#### Task details:
Among the lines below, restate word for word only those from the line with "AID50采用精致而端庄的铝" through the line with "- Мухомор серо-розовый", with both end lines kept.

#### Dataset entries:
========

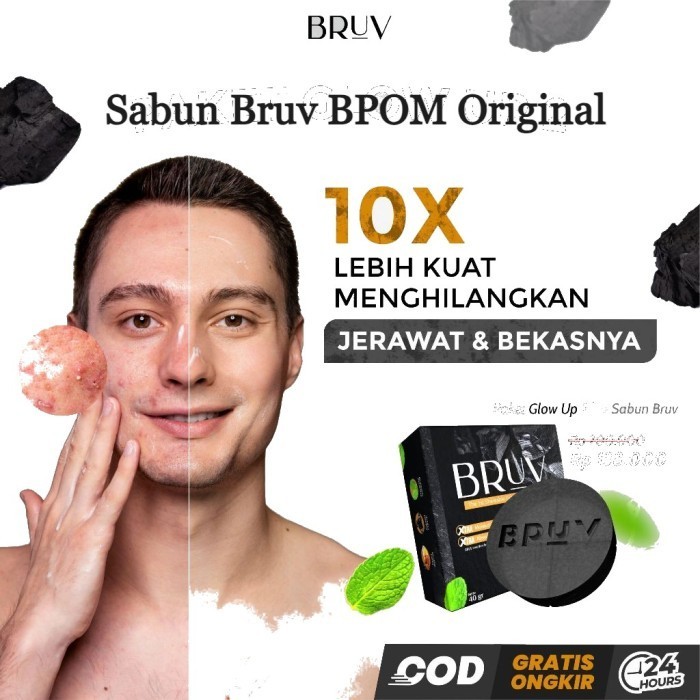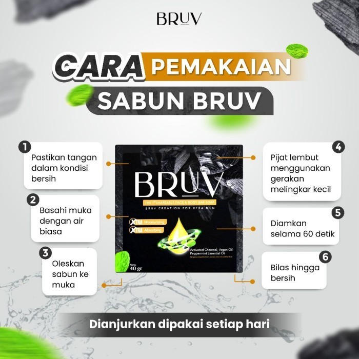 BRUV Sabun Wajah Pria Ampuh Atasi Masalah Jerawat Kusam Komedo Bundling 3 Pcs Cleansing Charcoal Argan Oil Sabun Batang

========

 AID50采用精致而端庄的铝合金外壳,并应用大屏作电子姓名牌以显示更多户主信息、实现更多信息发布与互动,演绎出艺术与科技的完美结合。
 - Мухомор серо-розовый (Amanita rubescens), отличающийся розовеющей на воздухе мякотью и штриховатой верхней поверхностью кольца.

========

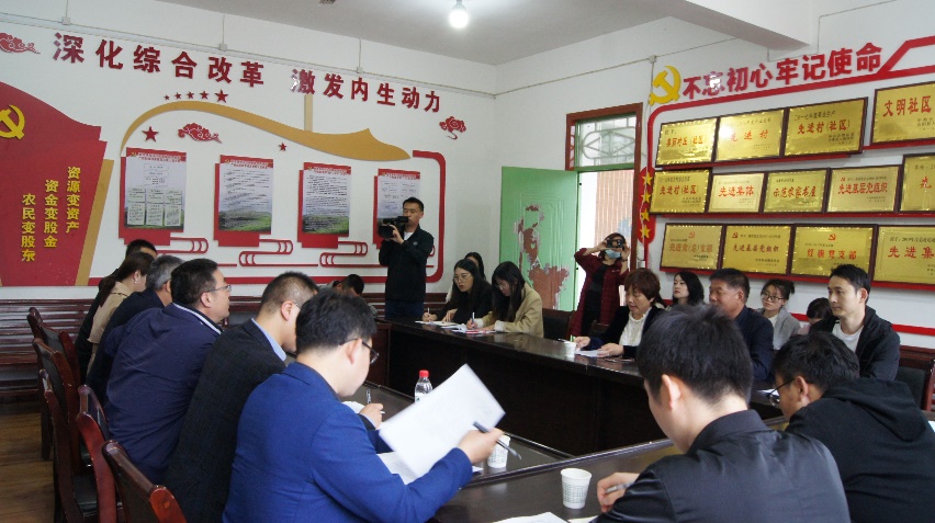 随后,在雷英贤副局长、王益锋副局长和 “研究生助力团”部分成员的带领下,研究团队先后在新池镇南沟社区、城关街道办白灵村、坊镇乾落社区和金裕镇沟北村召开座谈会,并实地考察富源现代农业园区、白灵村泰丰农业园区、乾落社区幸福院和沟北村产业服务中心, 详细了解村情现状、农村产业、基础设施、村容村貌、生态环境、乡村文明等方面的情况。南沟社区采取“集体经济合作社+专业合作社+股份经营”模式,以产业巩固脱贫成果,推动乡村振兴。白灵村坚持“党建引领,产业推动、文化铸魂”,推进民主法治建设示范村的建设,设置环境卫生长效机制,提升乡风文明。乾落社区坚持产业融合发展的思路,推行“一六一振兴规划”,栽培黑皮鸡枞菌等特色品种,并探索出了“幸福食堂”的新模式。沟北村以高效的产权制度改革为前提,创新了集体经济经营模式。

========

#### Solution for this task:
 AID50采用精致而端庄的铝合金外壳,并应用大屏作电子姓名牌以显示更多户主信息、实现更多信息发布与互动,演绎出艺术与科技的完美结合。
 - Мухомор серо-розовый (Amanita rubescens), отличающийся розовеющей на воздухе мякотью и штриховатой верхней поверхностью кольца.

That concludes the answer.